En outre 259 sénateurs sur 326 et 500 députés sur 577 exercent un mandat local.

D) Le parlementaire, représentant de la Nation

Le rôle de représentation est une fonction lourde et contraignante, mais qui illustre bien la place du parlementaire dans la vie locale, à la fois représentant du Parlement, du peuple, et détenteur d'une part de la souveraineté nationale.

Sa présence dans les manifestations officielles confèrent à celles-ci une solennité notoire, mais elle est aussi très appréciée dans les réunions associatives, professionnelles, sportives, culturelles, parce qu'elle leur donne une forme de reconnaissance. Cependant, sur le terrain, le protocole veut que le représentant de la Nation s'efface devant le représentant de l'Etat, le préfet, qui est le « commissaire du Gouvernement ».
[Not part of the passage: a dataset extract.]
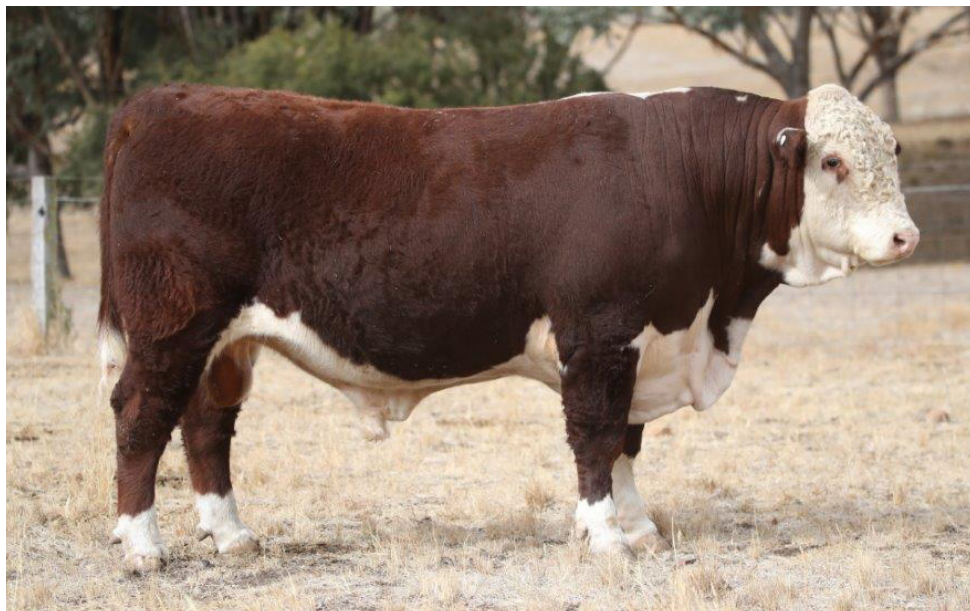
LOT 12 CASCADE COMMERCIAL BULL 57M

Notes: A thick, easy doing commercial bull.

Je souhaiterais conclure par deux remarques :

Le parlementaire est au coeur de nombreux paradoxes : à une époque où l'on constate un repli sur soi et une aspiration à la gestion indolore du quotidien, l'élu doit aller vers les autres et affronter les problèmes ; dans une société de plus en plus complexe, où les valeurs et les idéologies deviennent incertaines, il doit définir les enjeux et proposer des choix.

Malgré la diversité des rôles qu'il recouvre, le mandat parlementaire présente une profonde unité, due à sa nature essentiellement politique, et constitue à la fois un enjeu et un engagement pour son titulaire :

- un enjeu pour les électeurs (fait majoritaire et enjeux locaux), qui surveillent les prises de position de leur représentant, et qui, le cas échéant, lui demandent des explications ;

- à l'inverse, le sénateur, comme le député, est tenu à un certain engagement : engagement à l'égard des positions de son groupe politique qu'il a contribué à définir (étant entendu que le mandat impératif n'existe pas dans la Constitution française); mais engagement aussi à l'égard de lui-même, puisque investi d'un mandat représentatif, il doit se prononcer selon sa conscience.

* 1 Dès 1962, avec la crise qui accompagna le référendum concernant l'élection du Président de la République au suffrage universel

* 2 la modification la plus importante résulte de la réforme constitutionnelle d'octobre 1974, qui donne à soixante députés ou soixante sénateurs la possibilité de déférer les lois, avant leur promulgation, au Conseil Constitutionnel ; une autre réforme est l'institution, à l'Assemblée nationale, puis au Sénat, des questions au Gouvernement, qui s'est faite en marge de la Constitution, par un accord direct entre l'Exécutif et le Parlement.

* 1 Commissions des lois, des affaires étrangères, de la défense, des affaires économiques, des affaires sociales et de l'économie et des finances pour l'Assemblée nationale. Commission des affaires étrangères et de la défense, des affaires économiques et du Plan, des affaires culturelles, des affaires sociales, des finances et des lois pour le Sénat.

* 2 La Conférence des Présidents comprend le président de l'assemblée, les vice-présidents, les présidents des groupes politiques, les présidents de commissions, le rapporteur général de la commission des Finances, ainsi que le ministre représentant le Gouvernement.

* 3 Deux fois par semaine à l'Assemblée nationale et deux fois par mois au Sénat.